Notably, combined treatment with adaphostin and MG-132 resulted in marked toxicity toward multiple leukemic cell lines and primary AML samples but exerted relatively modest toxicity toward primary normal human hematopoietic cells. While the ability of adaphostin to inhibit the Bcr/Abl kinase^2,21  might explain its targeted activity against Bcr/Abl-dependent leukemia cells, the basis for selectivity in Bcr/Abl-negative leukemia cells remains to be determined. Nevertheless, adaphostin has previously been reported to be relatively nontoxic toward normal human hematopoietic cells.²¹  Similarly, proteasome inhibitors have been shown to exert selective toxicity toward neoplastic cells at concentrations that are relatively sparing toward their normal counterparts.^10,17  This phenomenon may be particularly true in the case of multiple myeloma cells, which are highly susceptible to the lethal actions of the proteasome inhibitor bortezomib.⁴⁰  Thus, it is possible that the in vitro selectivity of the MG-132/adaphostin regimen may reflect selective potentiation of adaphostin lethality by proteasome inhibition. In this regard, the lethality of proteasome inhibitors such as bortezomib has been related to inhibition of the NF-κB pathway,^41,42  which is known to play an important role in protecting cells from oxidative injury.⁴³  It will therefore be interesting to determine whether proteasome inhibitors selectively enhance adaphostin-mediated oxidative injury in leukemic cells through an NF-κB-dependent process.

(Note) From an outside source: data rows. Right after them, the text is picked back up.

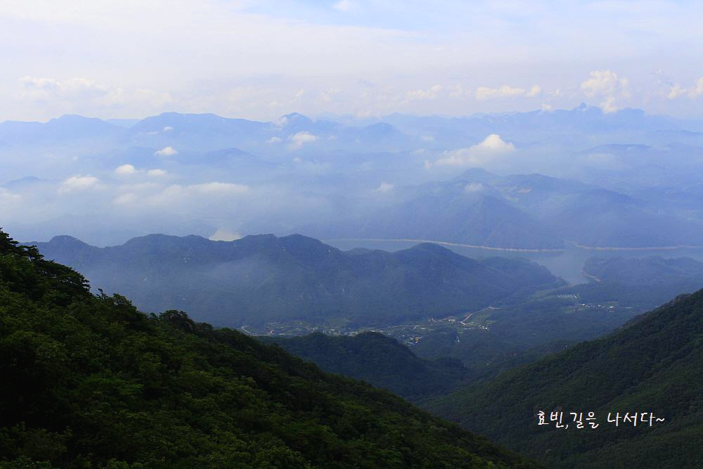 가운데서 좌측 맨 뒷줄, 어렴풋 영월과 평창 횡성에 걸쳐 있는 백덕산도 보인다.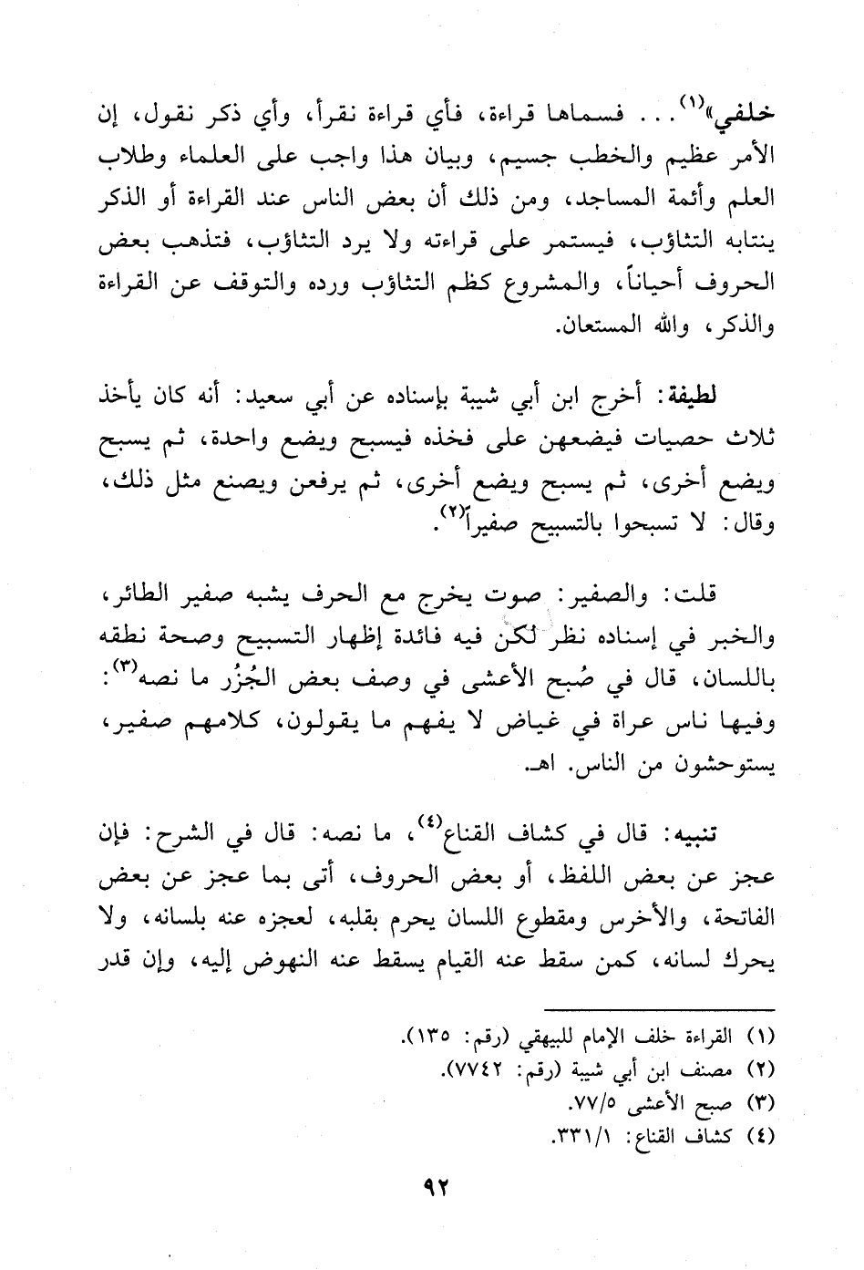 خلفي» (¬1) ... فسماها قراءة، فأي قراءة نقرأ، وأي ذكر نقول، إن الأمر عظيم والخطب الجسيم، وبيان هذا واجب على العلماء وطلاب العلم وأئمة المساجد، ومن ذلك أن بعض الناس عند القراءة أو الذكر ينتابه التثاؤب، فيستمر على قراءته ولا يرد التثاؤب، فتذهب بعض الحروف أحيانا، والمشروع كظم التثاؤب ورده والتوقف عن القراءة والذكر والله المستعان.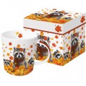 Duży kubek wykonany z porcelany new bone china o średniej grubości ściankach, z fantastycznym wzorem szopów bawiących się w kolorowych liściach.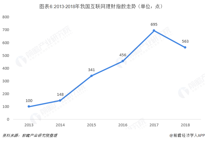 根据腾讯理财通发布的《2018年互联网理财指数报告》数据显示,在强监管及行业洗牌的态势下,中国互联网理财指数自2013年创建以来首次出现下滑。相比2017年,互联网理财指数从695点下降到了2018年的563点,降幅超过23%。

Whatever the mechanism(s) underlying the current observations, the ultimate relevance of this approach for leukemia will depend upon the further clinical development of tyrphostins such as adaphostin, which is ongoing,^2,44  and whether these in vitro findings can be extended to the in vivo setting. In addition, the unique susceptibility of multiple myeloma cells to bortezomib suggests that the strategy of combining proteasome inhibitors with adaphostin may be well suited for plasma-cell dyscrasias. Accordingly, efforts to test this hypothesis in multiple myeloma and related cells are currently under way. Finally, recent studies have highlighted the ability of several novel agents including 2-methoxyestradiol (2-ME)⁴⁵  and histone deacetylase inhibitors⁴⁶  to induce apoptosis in neoplastic cells through induction of oxidative injury. Notably, transformed cells appear to be more susceptible to the lethal consequences of induction of oxidative injury than their normal counterparts.^45,46  If validated, this notion could provide an explanation for the relative sparing of normal hematopoietic cells from adaphostin/proteasome inhibitor-mediated toxicity. Taken in conjunction with earlier findings, the present results raise the possibility that the rational combination of such agents may represent an effective strategy against malignant hematopoietic cells and also offer the potential for therapeutic selectivity.